Wednesday, August 10, 2011

Prioer 13A Finding Abunance


The news these past few weeks may have filled you with anxiety about our nation’s financial situation, or made you wonder at the acrimony and fighting across political parties while our national programs for the poor and sick are teetering on the edge.  It seems that since the economic crash that our nation as well as the individuals in it have been struggling to get back on its feet. We delight in hearing that the Chrysler plant production has outpaced the last three years and we look for stronger indicators that the US economy is bouncing back.
Elsewhere in the world, especially in poor countries of Africa, there is famine and hunger, the natural disaster of Japan, bombings in Oslo, unrest in Sudan.  The world does not seem to be living the life of abundance of the crowds seeing Jesus.
Jesus meets the crowds in a deserted place where night is beginning to fall, without any meal available.  The disciples want to send the crowds away, but Jesus instead tells them to feed the crowd.  Jesus blesses the few bits of bread and fish the disciples can find, and a miracle of abundance occurs, with more than enough food left over.
Why, you may ask, isn’t our world like this, with enough left over to fund all our programs, meet our debts, feed the hungry of the world?
Maybe we don’t know where to look for this miracle occurring right in our midst.
For instance, in Capron a woman living on the financial edge has been bringing food for a Monday lunch at the Lutheran church for many years. She bakes wonderful pies, cakes and breads, and brings abundance from her garden every week.  Two weeks ago, this woman fell and sustained a serious head injury and has been hospitalized ever since.  When the Lutheran pastor went to visit her last week, the woman did not recognize her because of her brain damage.  Monday lunch has not occurred at the church since the woman’s injury, and people have suddenly realized what her presence has meant for the abundance shared every Monday.
You might think this woman is a faithful member of the Lutheran church, but no, just the opposite. She does not like and never attends church.  She nevertheless lives the life of Christian hospitality, sharing her skills at baking, sharing her garden with others in her community because it is her particular calling.
This miracle of abundance may seem small in the face of the trillions of dollars of US debt, the millions dying of hunger in Africa, and the thousands of homeless in Japan or Joplin MO.  Jesus fed only 5000 men and perhaps another 8000 or more women and children in the deserted place, but his compassion not to send them away made a difference in their lives that day.  The woman of Capron has touched hundreds of lives every Monday for years. 

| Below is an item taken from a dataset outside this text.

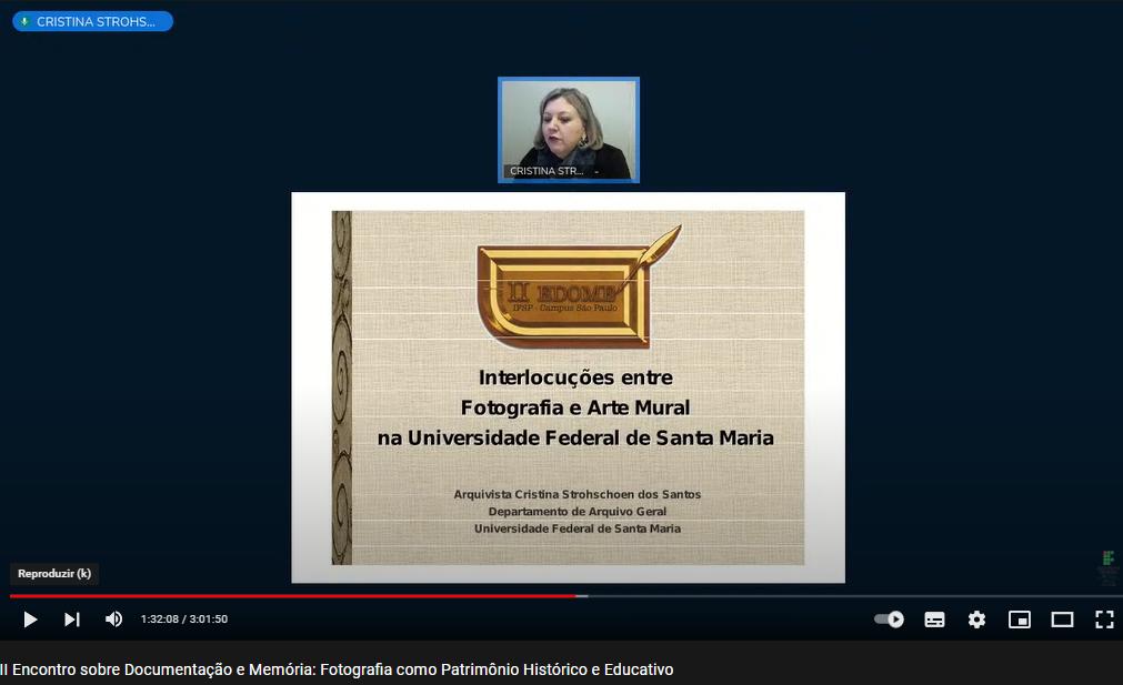 Na manhã de 08 de junho, no eixo temático I – A fotografia no conceito das artes, a comunicação “Interlocuções entre fotografia e arte mural na UFSM” foi apresentada por Cristina Strohschoen dos Santos, arquivista do Departamento de Arquivo Geral. As falas desta manhã estão disponíveis no link II Encontro sobre Documentação e Memória: Fotografia como Patrimônio Histórico e Educativo – YouTube
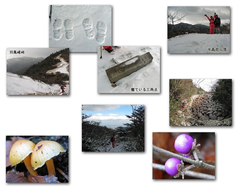 流石にこの季節になると、大きな駐車場もガラガラ、歩いている間も人と出会うことも無く、元気なお兄さんが、私たちの横を駆け抜けただけの静かな山歩きとなりました。私の腰についている、オモチャの様な温度計も常に0℃以下の状態で、下界との温度差は12℃くらいでしょうか・・。歩き始めは、氷が降る登山道でしたが、峠からは粉雪の中を歩くことになりました。

The arithmetic of compassion adds up.  When anyone receives compassion from another, the love adds up—it is spread in goodwill, in thanksgiving, in abundance that then overflows to others in a geometric progression. Think of a pebble dropped into water, how it ripples to reach the shores—this is the power of sharing abundance.
How did the miracle of the loaves and fishes happen, what made the five loaves and two fishes turn into enough to feed the crowd with twelve baskets of bread left over? We could surmise something as mundane as people in the crowd each sharing whatever they had with them and the total was overwhelming.  However you want to think of this miracle, we do know that Jesus blessed the food before the people ate, and his blessing made all the difference.
I believe that whenever Jesus blesses our work, it becomes powerful. The blessing of God assures of us God’s never-failing love and therefore of the abundance that love brings with it:  Abundance of care for each other and our neighbor, abundance of sharing what we have, however meager, giving of ourselves for others and not counting the cost.  God’s blessing makes the small seem big, the little person stand tall, those without courage do brave acts, and small acts of compassion into sweeping changes. 
God’s blessing turned a single woman in Capron into a wonder worker there.  We don’t know how what each of does each day in small acts of care and compassion impacts those around us, but we are assured that if God is in our acts and our speech, then that compassion will flower all around with more compassion.
May God bless our parish and its acts of love and compassion,  that the small ways we share our abundance may ripple into our community and beyond. That others will see and want to do as we do. That those lives we touch will be filled with the abundance of the love of God and spill throughout their own lives.  May we see the miracle of abundance in each of our lives.